What you need to do >> What you output must match, exactly, the lines from the start of the records to the line containing "产品名称:有机植物Omega-3 冲调谷物制品", both ends kept and pictures excluded.

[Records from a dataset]
--*--
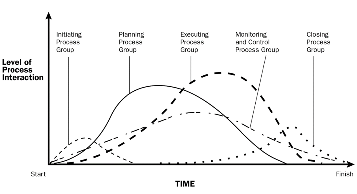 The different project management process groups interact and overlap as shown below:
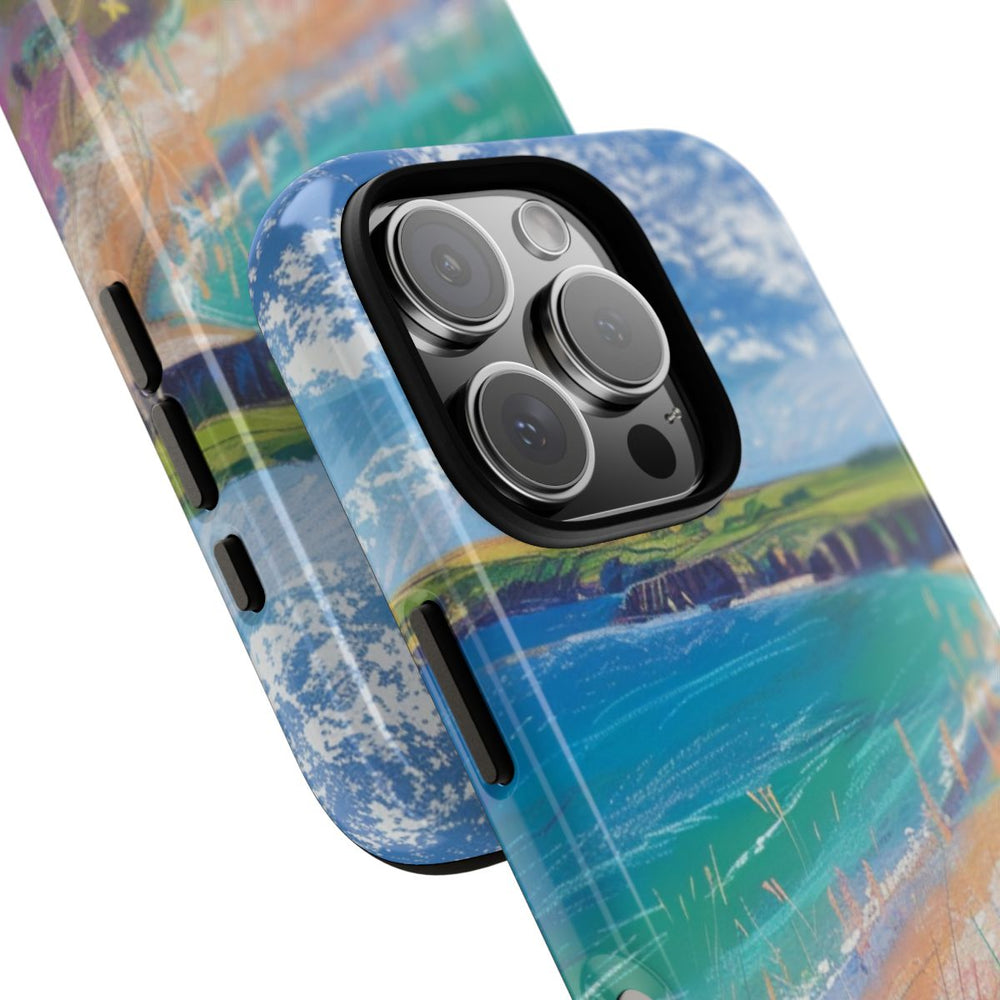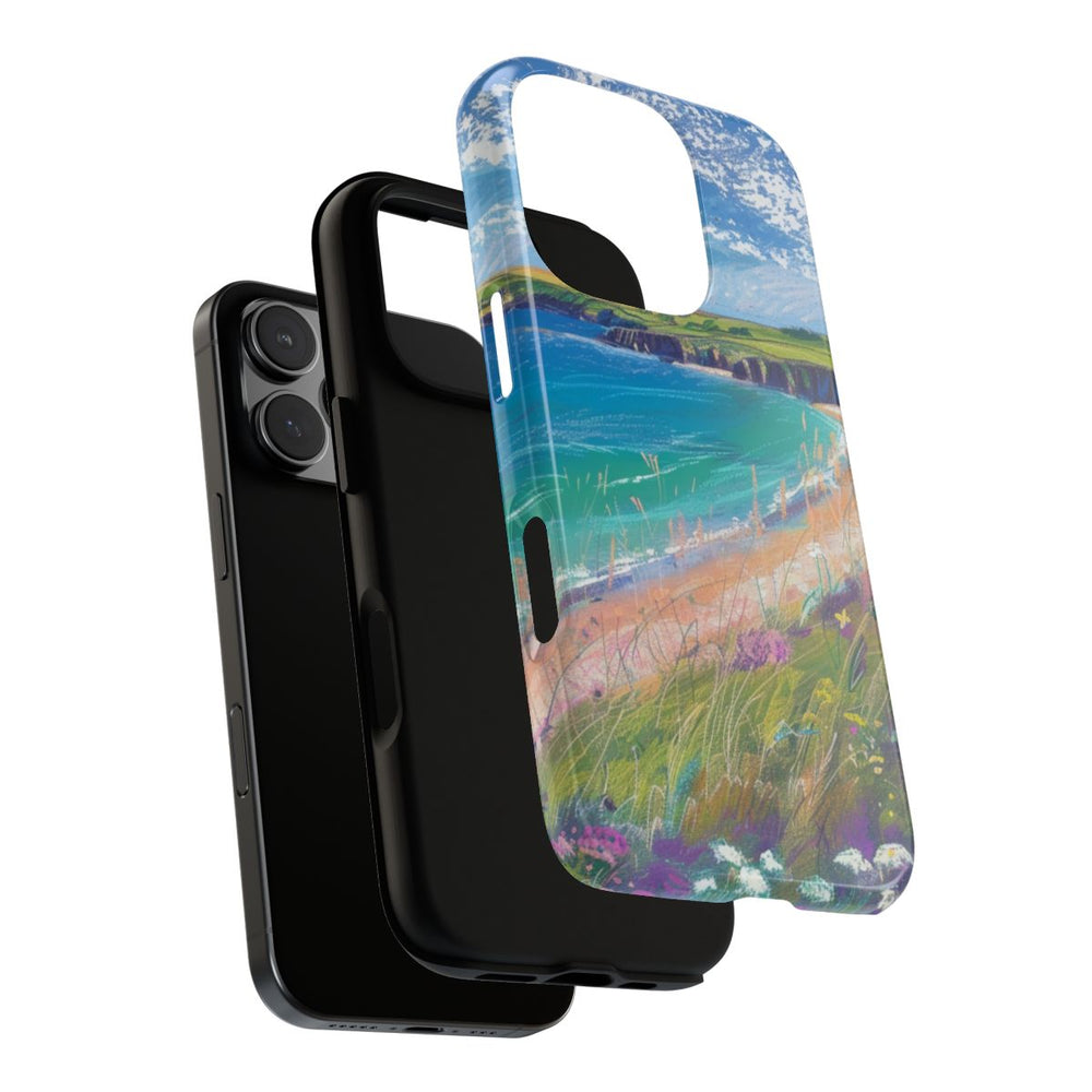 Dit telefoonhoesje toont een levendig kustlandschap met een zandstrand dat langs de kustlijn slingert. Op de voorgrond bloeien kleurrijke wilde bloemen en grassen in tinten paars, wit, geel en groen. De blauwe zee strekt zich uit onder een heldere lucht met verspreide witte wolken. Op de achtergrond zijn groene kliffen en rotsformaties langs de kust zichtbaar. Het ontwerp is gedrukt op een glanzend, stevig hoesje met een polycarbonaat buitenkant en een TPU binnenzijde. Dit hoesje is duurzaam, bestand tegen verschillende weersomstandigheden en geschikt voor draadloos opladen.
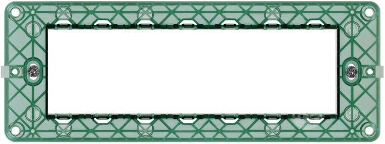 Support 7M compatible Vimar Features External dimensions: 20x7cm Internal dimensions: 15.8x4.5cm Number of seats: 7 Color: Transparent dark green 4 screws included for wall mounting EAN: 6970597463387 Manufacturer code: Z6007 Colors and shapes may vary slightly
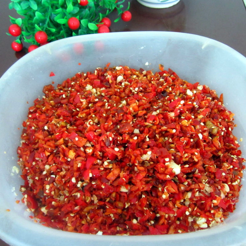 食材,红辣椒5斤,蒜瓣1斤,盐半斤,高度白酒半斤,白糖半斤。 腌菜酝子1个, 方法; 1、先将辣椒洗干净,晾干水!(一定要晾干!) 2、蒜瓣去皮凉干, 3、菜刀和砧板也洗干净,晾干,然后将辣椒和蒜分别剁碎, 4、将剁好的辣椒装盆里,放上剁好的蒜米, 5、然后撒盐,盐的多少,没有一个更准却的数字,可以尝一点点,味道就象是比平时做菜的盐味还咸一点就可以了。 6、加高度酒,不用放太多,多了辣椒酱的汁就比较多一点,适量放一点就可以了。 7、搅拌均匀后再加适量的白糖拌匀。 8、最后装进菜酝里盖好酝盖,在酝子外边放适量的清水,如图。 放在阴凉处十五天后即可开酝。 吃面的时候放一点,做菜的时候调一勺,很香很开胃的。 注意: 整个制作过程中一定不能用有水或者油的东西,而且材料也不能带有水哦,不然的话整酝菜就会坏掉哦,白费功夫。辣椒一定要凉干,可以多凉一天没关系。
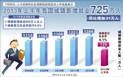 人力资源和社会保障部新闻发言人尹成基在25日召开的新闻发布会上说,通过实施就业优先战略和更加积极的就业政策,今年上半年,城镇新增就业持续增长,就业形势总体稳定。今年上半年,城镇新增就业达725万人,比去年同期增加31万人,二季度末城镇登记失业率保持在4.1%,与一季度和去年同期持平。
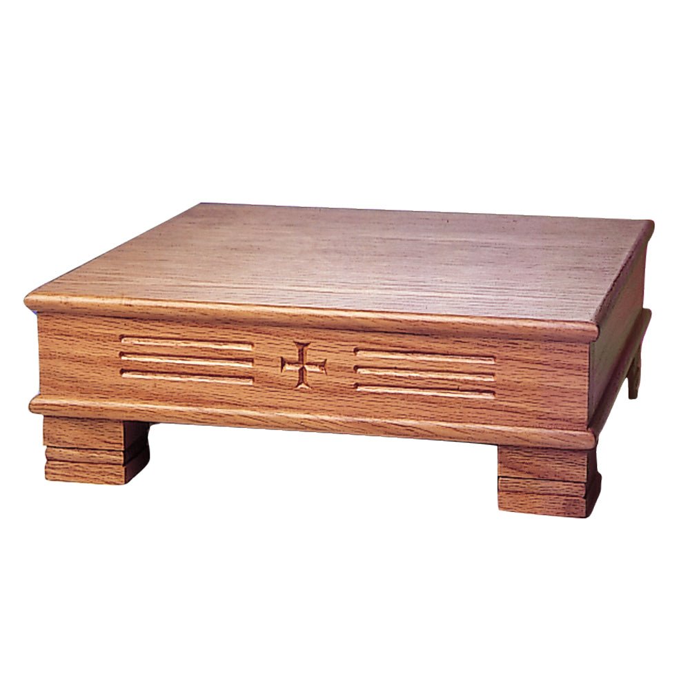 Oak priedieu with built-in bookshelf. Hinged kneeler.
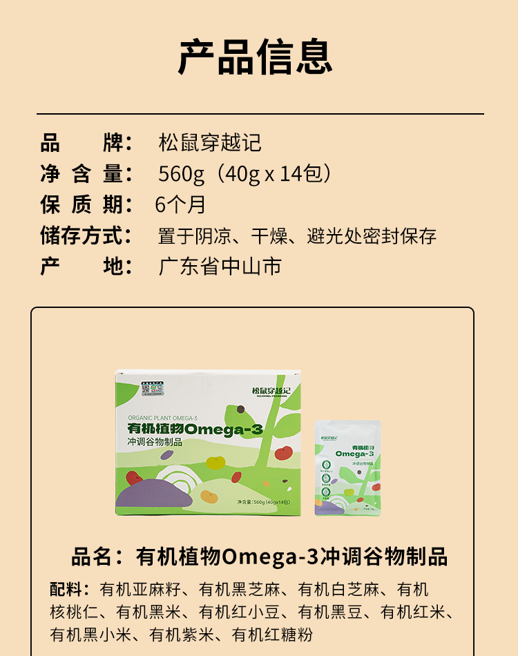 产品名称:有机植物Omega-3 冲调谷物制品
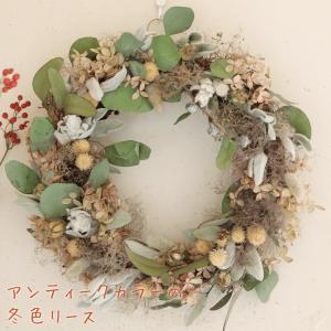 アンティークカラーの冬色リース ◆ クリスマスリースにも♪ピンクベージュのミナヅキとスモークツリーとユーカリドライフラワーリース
--*--
Output below >>
 The different project management process groups interact and overlap as shown below:
 Dit telefoonhoesje toont een levendig kustlandschap met een zandstrand dat langs de kustlijn slingert. Op de voorgrond bloeien kleurrijke wilde bloemen en grassen in tinten paars, wit, geel en groen. De blauwe zee strekt zich uit onder een heldere lucht met verspreide witte wolken. Op de achtergrond zijn groene kliffen en rotsformaties langs de kust zichtbaar. Het ontwerp is gedrukt op een glanzend, stevig hoesje met een polycarbonaat buitenkant en een TPU binnenzijde. Dit hoesje is duurzaam, bestand tegen verschillende weersomstandigheden en geschikt voor draadloos opladen.
 Support 7M compatible Vimar Features External dimensions: 20x7cm Internal dimensions: 15.8x4.5cm Number of seats: 7 Color: Transparent dark green 4 screws included for wall mounting EAN: 6970597463387 Manufacturer code: Z6007 Colors and shapes may vary slightly
 食材,红辣椒5斤,蒜瓣1斤,盐半斤,高度白酒半斤,白糖半斤。 腌菜酝子1个, 方法; 1、先将辣椒洗干净,晾干水!(一定要晾干!) 2、蒜瓣去皮凉干, 3、菜刀和砧板也洗干净,晾干,然后将辣椒和蒜分别剁碎, 4、将剁好的辣椒装盆里,放上剁好的蒜米, 5、然后撒盐,盐的多少,没有一个更准却的数字,可以尝一点点,味道就象是比平时做菜的盐味还咸一点就可以了。 6、加高度酒,不用放太多,多了辣椒酱的汁就比较多一点,适量放一点就可以了。 7、搅拌均匀后再加适量的白糖拌匀。 8、最后装进菜酝里盖好酝盖,在酝子外边放适量的清水,如图。 放在阴凉处十五天后即可开酝。 吃面的时候放一点,做菜的时候调一勺,很香很开胃的。 注意: 整个制作过程中一定不能用有水或者油的东西,而且材料也不能带有水哦,不然的话整酝菜就会坏掉哦,白费功夫。辣椒一定要凉干,可以多凉一天没关系。
 人力资源和社会保障部新闻发言人尹成基在25日召开的新闻发布会上说,通过实施就业优先战略和更加积极的就业政策,今年上半年,城镇新增就业持续增长,就业形势总体稳定。今年上半年,城镇新增就业达725万人,比去年同期增加31万人,二季度末城镇登记失业率保持在4.1%,与一季度和去年同期持平。
 Oak priedieu with built-in bookshelf. Hinged kneeler.
 产品名称:有机植物Omega-3 冲调谷物制品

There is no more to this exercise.